Is this a a rare question or something because nobody answers anywhere I ask?
My work and the question along with a solution is attached. My work starts at #5 written in blue. I am also attaching the Cauchy Product Theorem from my book.
I noticed that e^x has x^n for the x part whereas the sin(x) part has x^(2n+1) for the x part so I think that that is where my issue is but I don't know what to do about it.
I'm supposed to get c_1 = 1 (which is the a_1 from method 1) but I get 5/6 instead.
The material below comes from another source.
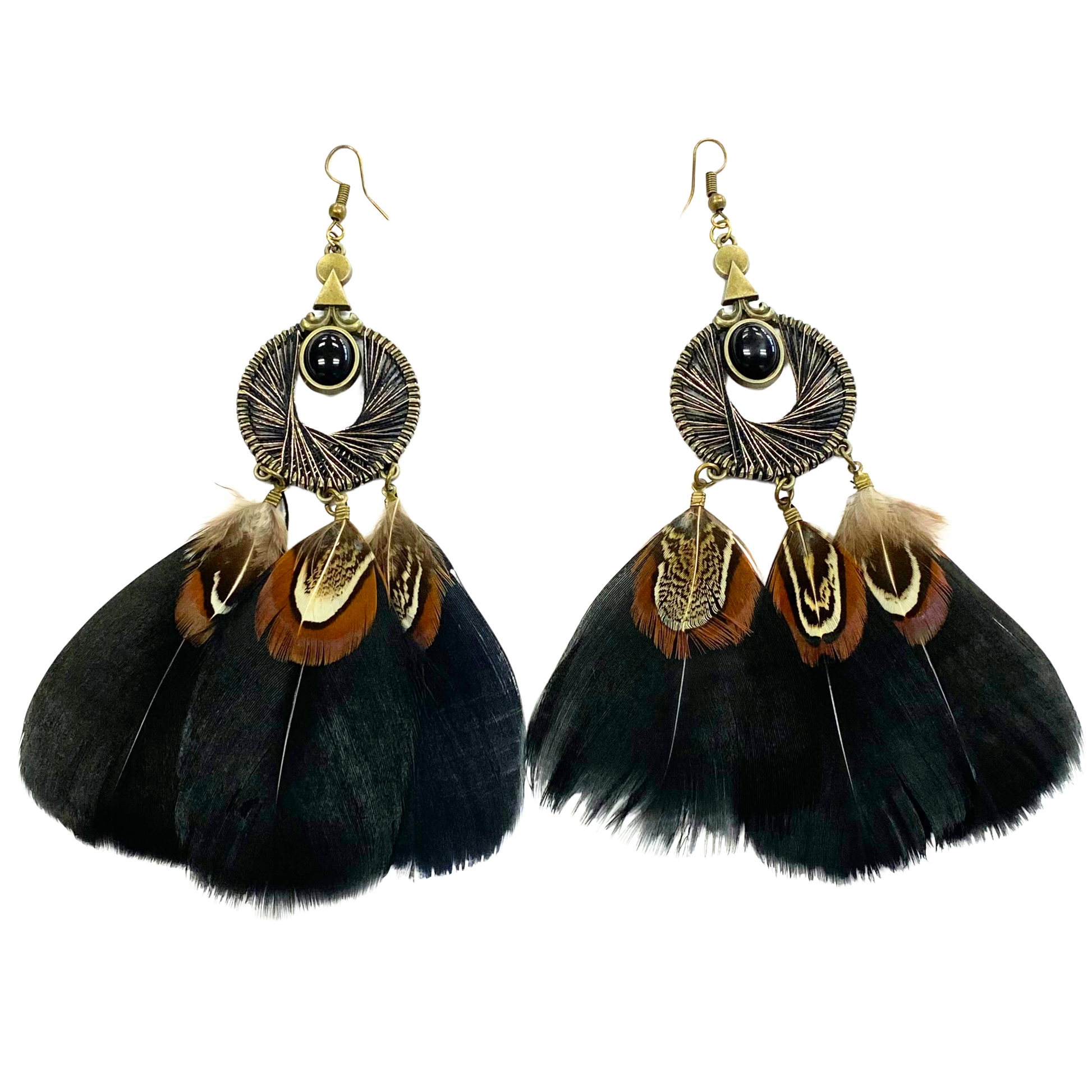 "Introducing our 'Stunning Goose Feather Chandelier Earrings' — a mesmerizing blend of elegance and bold style. These statement earrings feature lush, natural goose and pheasant feathers that cascade in a chandelier design, showcasing bold black feathers with a brown pheasant accent. Lightweight yet eye-catching, they bring a sense of grace and exotic beauty to any outfit, perfect for those who love making a grand entrance. Elevate your look with the unique charm and undeniable elegance of these handcrafted earrings!"

Any help in figuring out how to do #5 using "Method 2" would be greatly appreciated!
Thanks in advance!
c1 = a0b1 + a1b0, right?
the a0 term in the expansion of e^x (the constant term), is 1. the b1 term in the expansion of sin(x) (the "x" term) is 1.
hence a0b1 = 1.
the a1 term in the expansion of e^x (the "x term) is again 1. however, the b0 term in the expansion of sin(x) is 0, since sin(0)/0! = 0.
hence a1b0 = 0, so c1 = 1 + 0 = 1.
clearly c0 = a0b0 = 0, so the expansion for e^x(sin(x)) starts out: x +......
let's move on to c2 = a0b2 + a1b1 + a2b0.
we know right away that the a2b0 term is 0, we don't even need to look at a2. and we know that a0 = 1, so a0b2 = b2.
but sin(x) has no "x^2" term, so b2 = 0, so a0b2 = 0. so c2 = a1b1, and we already know that a1 = b1 = 1,
so our series starts out: x + x^2 +.....
c3 is a bit more interesting (and a pain in the erm, neck, yeah that's it....).
c3 = a3b0 + a2b1 + a1b2 + a0b3.
well, all the "even" b terms are 0, so a3b0, a1b2 = 0.
we know b1 = 1, and the a2 term is 1/2! = 1/2. we also know that a0 = 1, and the x^3 term in the expansion of sin(x) is -1/3! = -1/6
so c3 = 1/2 - 1/6 = 1/3, so our series starts out x + x^2 + x^3/3 +.....
see how it goes?